Balanescu Quartet – An Introduction To…

(Mute) UK release date: 22 August 2011


It may be an obvious statement to open with, but it bears saying nonetheless – the Balanescu Quartet are not your average string quartet. Of course they are formed in the classical instrumentation of two violins, viola and cello, but that is where the similarities largely end.

Stretching the boundaries of these four components is now regular practice for a number of contemporary ensembles. While the Balanescus close in on their 25th anniversary – first violinist Alexander Balanescu created the group in 1987 – they stand with the likes of the Kronos Quartet, their most immediate contemporaries, as an ensemble capable of lifting the medium from classical confines squarely into the world of contemporary music and pop.

More than any of the ensembles mentioned above, the Balanescus have worked closely with pop and even electronic music. That may sound strange for an acoustic ensemble, but their covers of Kraftwerk are especially invigorating, here represented by Autobahn, Model and Pocket Calculator. Autobahn is the pick, starting off with the creaky cello of Caroline Dale, juddering into life before setting off more confidently down the road. Model is more regimented, though, and loses some of the charm of the original.

Throughout this disc, intended as an introduction to the quartet’s style and values, there is a strong sense of cut and thrust about the ensemble’s playing.

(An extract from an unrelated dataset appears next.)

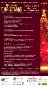 Επίσης πολιτιστικοί σύλλογοι από όλο το Δήμο θα παρουσιάσουν δράσεις τους αλλά και τοπικές γεύσεις κερνώντας μικρούς και μεγάλους ενώ η μουσική θα ξεκινάει από νωρίς το πρωί από Maleviziotis.gr Christmas Radio.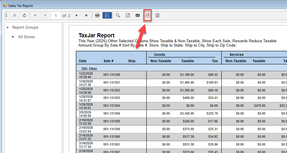 The TaxJar report has a very specific use. The TaxJar report allows you to run the Sale Tax report and export it in a specific format, to upload to TaxJar. Click the highlighted icon to export the report you have run.

Wine’s So Good, part of a successful disc the quartet devoted to the music of Romanian singer Maria Tanase, is particularly affecting with the folksy swing and melodic attention to detail from fellow countryman Balanescu. Some of the pieces have a relentless drive, and East, with the quartet amplified and ready for action, digs in sharply.

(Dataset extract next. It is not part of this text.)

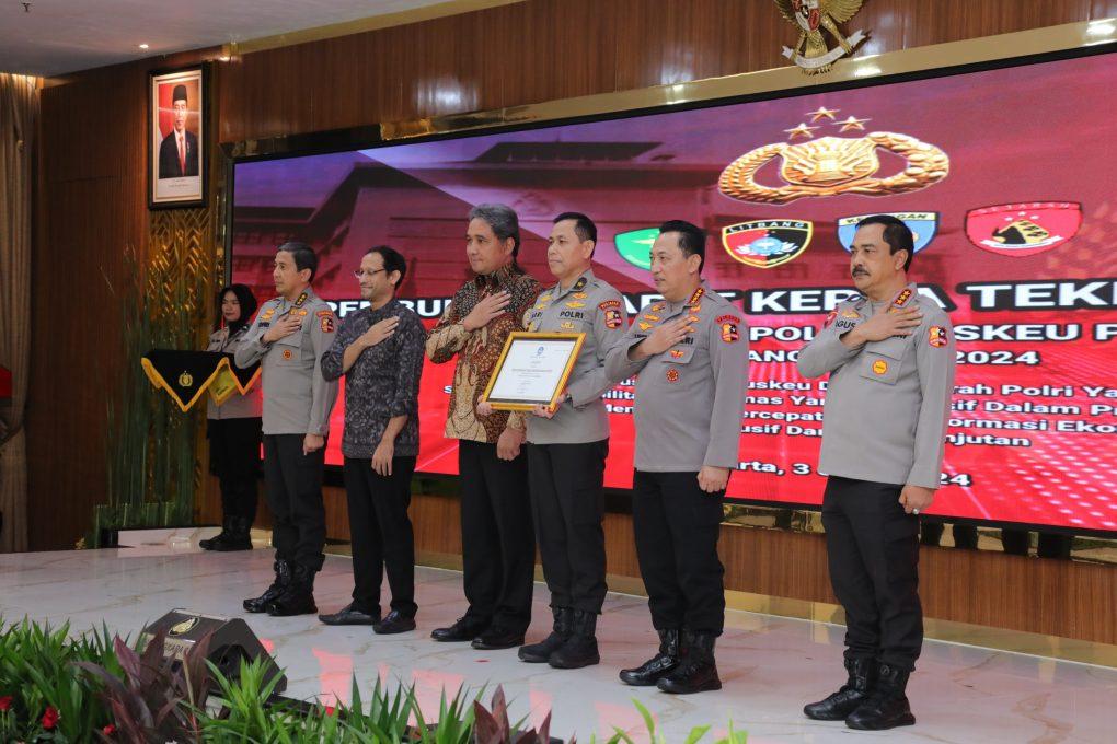 JAKARTA – Kapolri Jenderal Polisi Listyo Sigit Prabowo, membuka rakenis gabungan 4 satuan kerja (satker) Polri yakni Pusdokkes, Puskeu, Puslitbang, dan Pusjarah di Rupattama Mabes Polri, Jakarta, Senin (3/6/2024) sore.

Sometimes the Balanescu sound is harsh and grainy, and this comes across particularly in Revolution, taken from their 1994 album Luminitza, where a drum kit supplies a loosely percussive strain and the quartet play scabrous chords. Despite the attack and staccato involved there is little forward movement musically, the overall impression more rigid and regimented. Another comparison with the Tanase album is instructive, The Young Conscript And The Moon showing the quartet’s sensitive side.

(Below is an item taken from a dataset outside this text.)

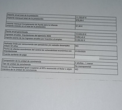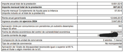 Por tanto, os recomiendo reclamar dicha notificación última, ahí tenéis las cuentas de lo que os corresponde realmente, frente a los 807,62€/mes de IMV+CAPI que os han notificado 👇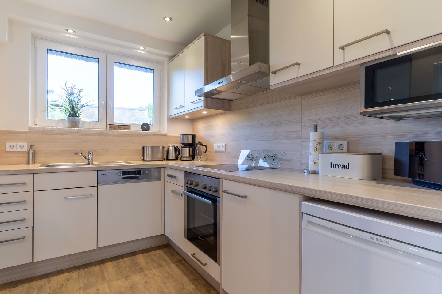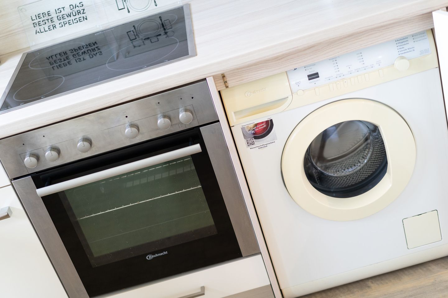 Die offene Wohnküche ist mit allen wichtigen Geräten voll ausgestattet und lädt zum gemeinsamen Kochen ein.

It is difficult to chart the achievements of the Balanescus without harking back to the Kronos Quartet, and the two have worked closely with minimalist composers – the New York ensemble with Steve Reich and Philip Glass, the Balanescu with Michael Nyman. Unfortunately there is no Nyman here, presumably due to the group’s recorded legacy being on Decca. Nor do we get the quartet’s recordings with David Byrne, Michael Torke or Robert Moran.

It would be wrong to make too much out of this, mind, as there is musical vision aplenty to be found in this introductory guide. The group have done much to give the string quartet a shot in the arm through an open minded approach, and if this energetic set brings them to still more listeners then the job will have been well done.